# can u superglue beeswax?



## avalonweddingsbcs (May 2, 2010)

Was reading this http://www.beesource.com/resources/...queen-cells-without-grafting-cut-cell-method/ and thought it would be cool to be able to superglue the wax onto the frames instead of melting wax and all that is associated with it..

any comments?


----------



## Michael Bush (Aug 2, 2002)

For 200 years or more beekeepers have worked to avoid adding anything that contaminates the beeswax as it's always being recycled and/or harvested. If it would stick (and I doubt it) I wouldn't use it.

The Hopkins method would avoid the need for waxing it...

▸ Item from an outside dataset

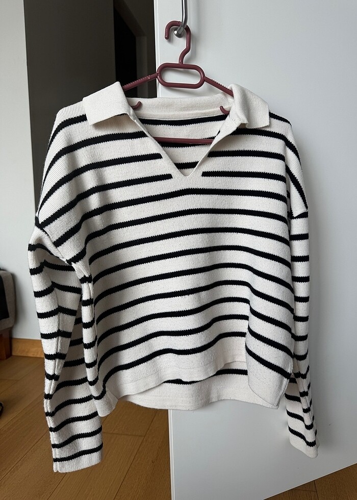 Her dolaba lazım basic bir parça! Siyah-beyaz çizgili bu triko kazak, polo yaka detayı ve rahat kesimiyle hem şık hem de konforlu. Jean, etek ya da şortlarla harika kombinlenir. Az kullanıldı, temiz ve yumuşak dokulu.

http://www.bushfarms.com/beesqueenrearing.htm#hopkinsmethod
http://www.bushfarms.com/beeshopkinsmethod.htm


----------



## Daniel Y (Sep 12, 2011)

Superglue does not adhere to wax. It is one method of keeping it off of neighboring surfaces when using it.


----------



## KevinR (Apr 30, 2010)

Sounds too much like work.

I just roll up a little bit of wax and heat it with a lighter. If you make it into a point, the wax will drip where you need it.

With that said, don't burn your fingers.


----------



## Gypsi (Mar 27, 2011)

candle works great, I've tried it.


----------